In 1925 Edogawa Rampo wrote one of Japan’s creepiest horror stories. “The Human Chair” was the literary equivalent of pleasantries from the mouth of an leering pervert – the events were tame, even funny at the end, but its subtext of sickness and depravity made it hard to forget.
Moju: The Blind Beast recreates the same atmosphere, but now that subtext is matched with violent and gruesome events more in line with the Hollywood slasher movies it predates by forty years. It has moments of humour, as well as amusing Japanese political incorrectness (Hawaiians are described as “barbarous”, Westerners in general are “disgusting”), but the main impression The Blind Beast leaves is one of destruction and carnage, blood spraying the walls like an artistic fresco.
Singer Mizuki Ranko is being stalked by an blind man of artistic bent who is obsessed with touching the curves and contours of her body. Soon, she finds herself imprisoned in his underground maze, which has walls fitted out with rubber breasts and noses and legs. The man has an obsession with touching things, and craves the stimulus he cannot get from his eyes. He has chosen Ranko to fulfill his desires, and she still might not be enough.
I liked “The Human Chair” more, mostly because it’s more compact and focused, but The Blind Beast is an entertaining read and touches upon many similar themes. Rampo obviously wants to be more sexually explicit, but for whatever reason (fears of censorship or his own prudishness) he tends to imply or insinuate sex rather than outright state it. The effect is rather brilliant, and probably more disturbing for the fact that it isn’t explicit. I’m reminded of how Hollywood’s Golden Age occurred during the period when it laboured under the infamous Production Code.
The book has things to say about art – again, through allegory and inference. The book ends with the blind man conducting an art exhibit, showing a sculpture made from the pieces of various murder victims. A not-so-nice feature, but artists are often not-so-nice people.

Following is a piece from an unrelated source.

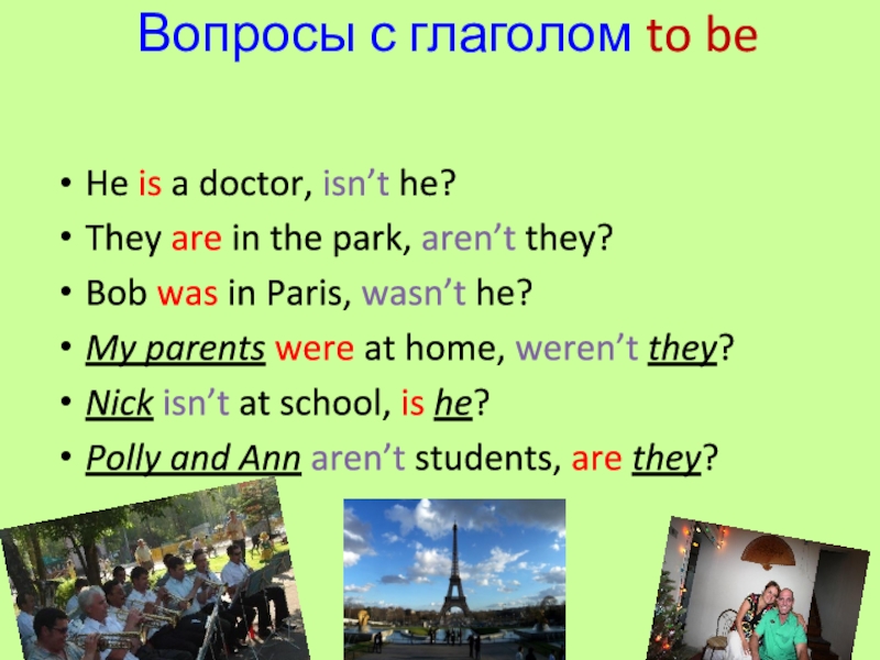Вопросы с глаголом to beHe is a doctor, isn’t he?They are in the park, aren’t they?Bob was

The truth is, if The Blind Beast‘s artist goes to hell for his crimes, he might have to wait in line. John Lennon liked to tune up on his wife. So did Elvis Presley. William S Burroughs shot his wife in a drunken game. Allen Ginsberg is a member of NAMBLA. All these guys were members of the vaunted 50s/60s counterculture, back when people thought that art would be the force that saves us from the evil capitalists and what not. A nice idea, but maybe Rampo was right.
Maybe artists, deep down, are the worst people of all.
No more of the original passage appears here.